1. Academic Validation
  2. PROTAC-mediated vimentin degradation promotes terminal erythroid differentiation of pluripotent stem cells

PROTAC-mediated vimentin degradation promotes terminal erythroid differentiation of pluripotent stem cells

  • Stem Cell Res Ther. 2024 Sep 18;15(1):310. doi: 10.1186/s13287-024-03910-1.
Hao Yan # 1 Ruge Zang # 2 Tiantian Cui 1 Yiming Liu 1 Biao Zhang 1 Lingpin Zhao 1 Hongyu Li 1 Juannian Zhou 1 Haiyang Wang 1 Quan Zeng 1 Lei Xu 1 Yuqi Zhou 1 Xuetao Pei 1 Jiafei Xi 3 Wen Yue 4
Affiliations

Affiliations

  • 1 Beijing Institute of Radiation Medicine, Beijing, 100850, P. R. China.
  • 2 Beijing Institute of Radiation Medicine, Beijing, 100850, P. R. China. rugezang@163.com.
  • 3 Beijing Institute of Radiation Medicine, Beijing, 100850, P. R. China. xi_jiafei@126.com.
  • 4 Beijing Institute of Radiation Medicine, Beijing, 100850, P. R. China. yuewen@bmi.ac.cn.
  • # Contributed equally.
Abstract

Background: Human pluripotent stem cells (hPSCs), including human embryonic stem cells (hESCs) and induced pluripotent stem cells (hiPSCs), can undergo erythroid differentiation, offering a potentially invaluable resource for generating large quantities of erythroid cells. However, the majority of erythrocytes derived from hPSCs fail to enucleate compared with those derived from cord blood progenitors, with an unknown molecular basis for this difference. The expression of vimentin (VIM) is retained in erythroid cells differentiated from hPSCs but is absent in mature erythrocytes. Further exploration is required to ascertain whether VIM plays a critical role in enucleation and to elucidate the underlying mechanisms.

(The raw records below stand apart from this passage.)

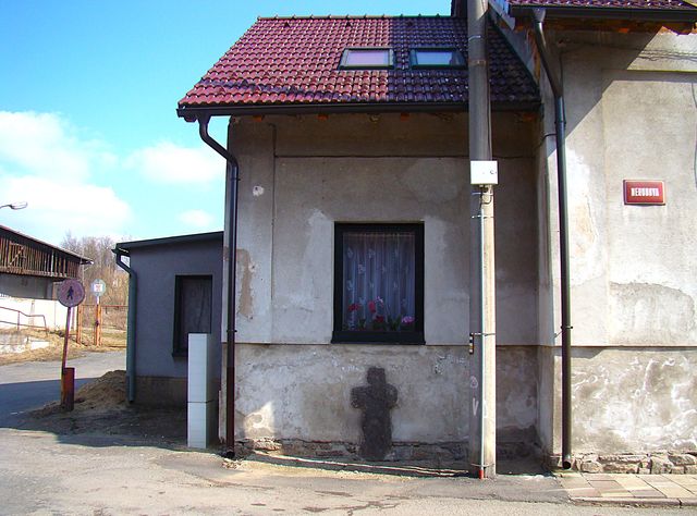 Poté stoupání silničkou na náhorní plošinu, jejíž možnosti byly využity pro stavbu dvou větrných elektráren, stále dál do obce Dolní Jablonná (asi 100 obyvatel), kam jsme vešli kolem kravína, u něhož fungoval mlékomat s v okolí se pohybovalo několik koček. 🙂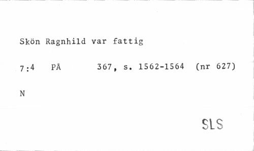 //// Skön Ragnhild var fattig //// 7:4 PÄ 367, s. 1562-1564 (nr 627) //// N //// SLS ////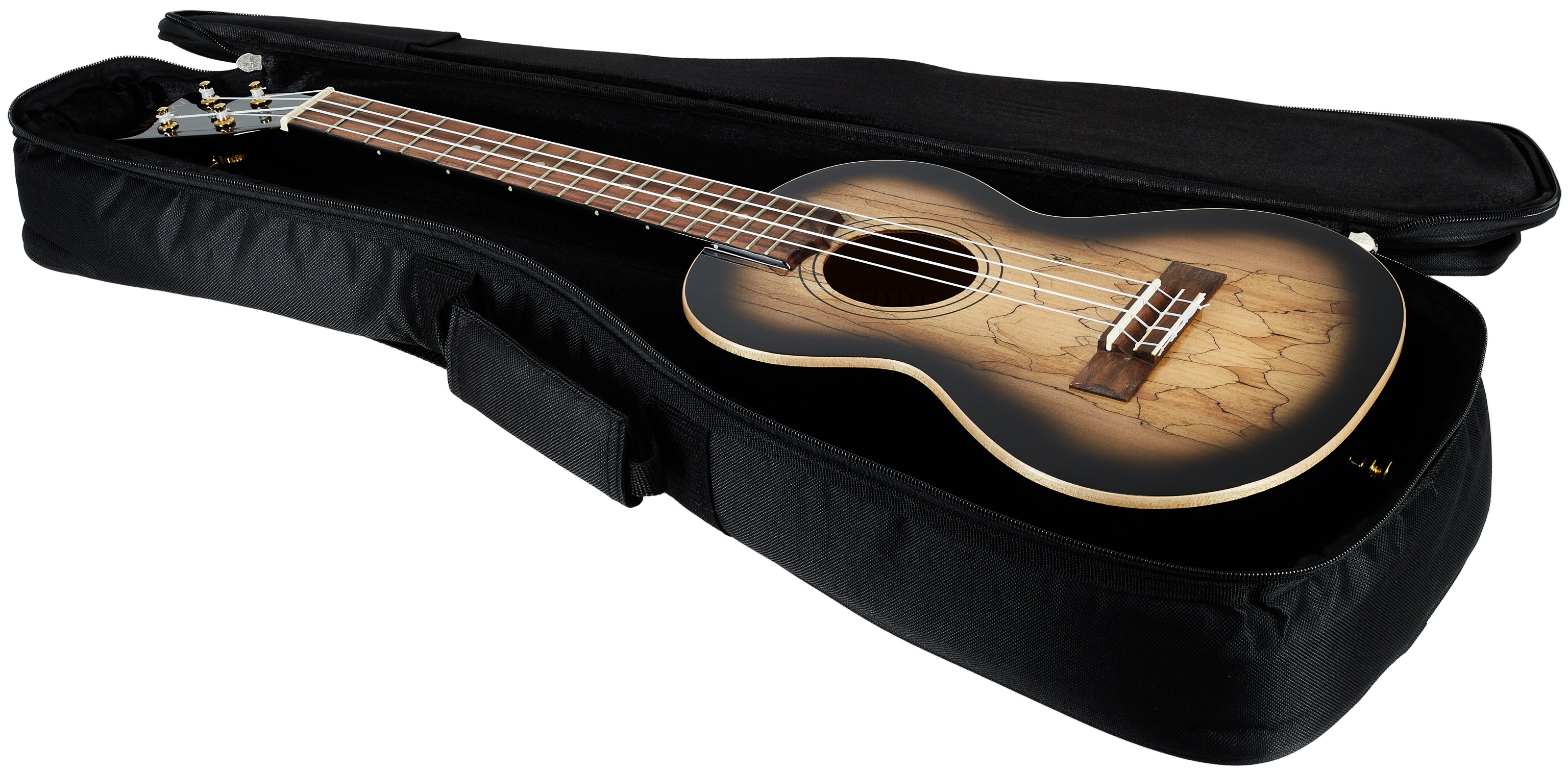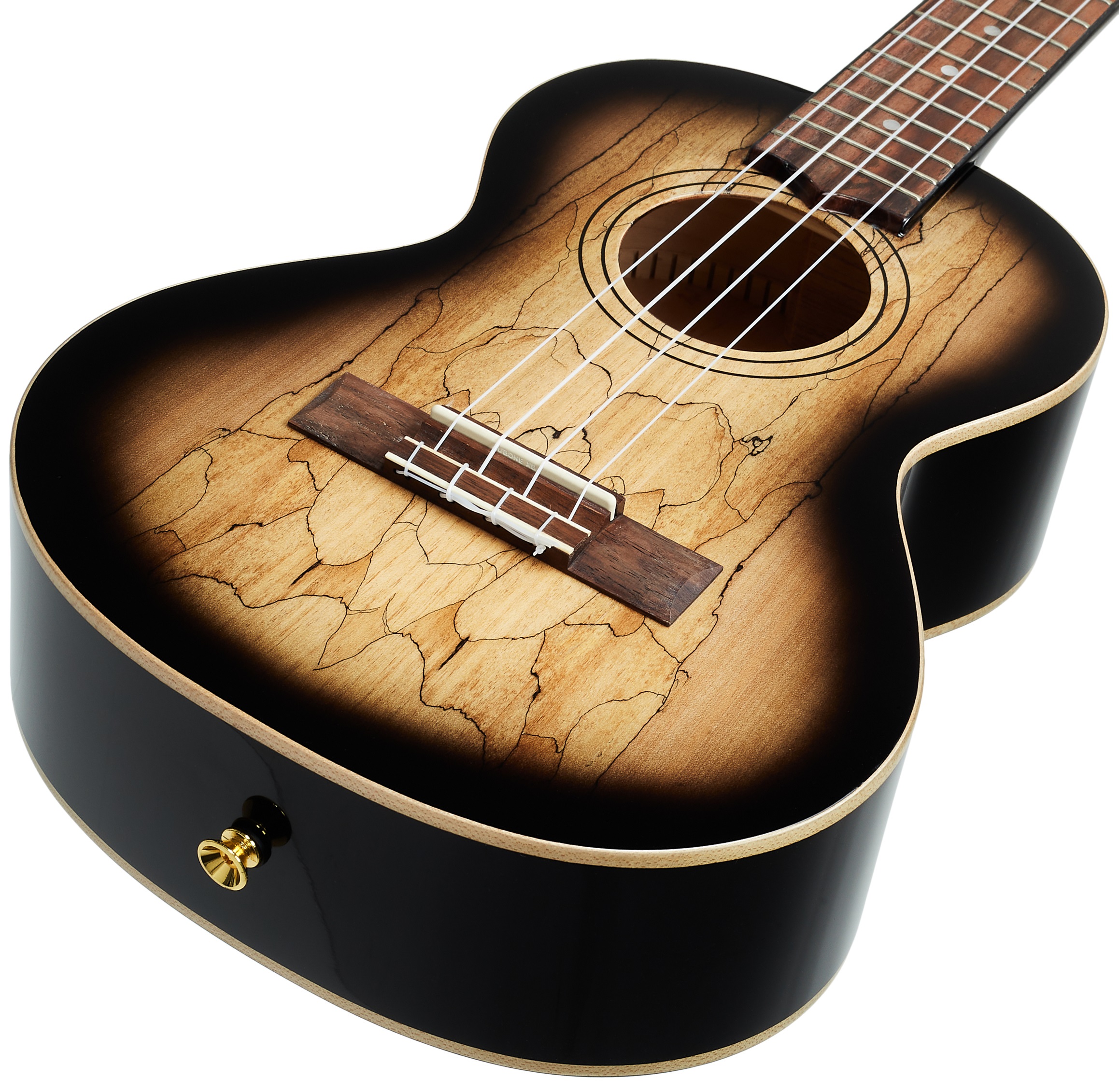Akustické ukulele Akustické tenorové ukulele Lanikai LKUSMBB-TX má prednú dosku zo spáleného javora, ktorého výraznú kresbu dreva zvýrazňuje lesklý lak a povrchová úprava sunburst. Zadná doska a luby sú vyrobené z preglejky. K okoumé krku je prilepený sedemnásťpražcový figový hmatník. Stabilitu ladenia zaručuje uchytenie strún nad nultým pražcom z materiálu NuBone XB v otvorených mechanikách Grover v zlatom prevedení. Strohý, ale štýlový dizajn podčiarkuje krémová obvodová väzba a rozeta pozostávajúca z dvo

Methods: In this study, we established a hESC line with reversible vimentin degradation (dTAG-VIM-H9) using the proteolysis-targeting chimera (PROTAC) platform. Various time-course studies, including erythropoiesis from CD34+ human umbilical cord blood and three-dimensional (3D) Organoid culture from hESCs, morphological analysis, quantitative Real-Time PCR (qRT-PCR), western blotting, flow cytometry, karyotyping, cytospin, Benzidine-Giemsa staining, immunofluorescence assay, and high-speed cell imaging analysis, were conducted to examine and compare the characteristics of hESCs and those with vimentin degradation, as well as their differentiated erythroid cells.

Results: Vimentin expression diminished during normal erythropoiesis in CD34+ cord blood cells, whereas it persisted in erythroid cells differentiated from hESC. Depletion of vimentin using the degradation tag (dTAG) system promotes erythroid enucleation in dTAG-VIM-H9 cells. Nuclear polarization of erythroblasts is elevated by elimination of vimentin.

Conclusions: VIM disappear during the normal maturation of erythroid cells, whereas they are retained in erythroid cells differentiated from hPSCs. We found that retention of vimentin during erythropoiesis impairs erythroid enucleation from hPSCs. Using the PROTAC platform, we validated that vimentin degradation by dTAG accelerates the enucleation rate in dTAG-VIM-H9 cells by enhancing nuclear polarization.

Keywords

Cultured RBCs; Enucleation; Erythropoiesis; PROTAC; Polarization; Vimentin.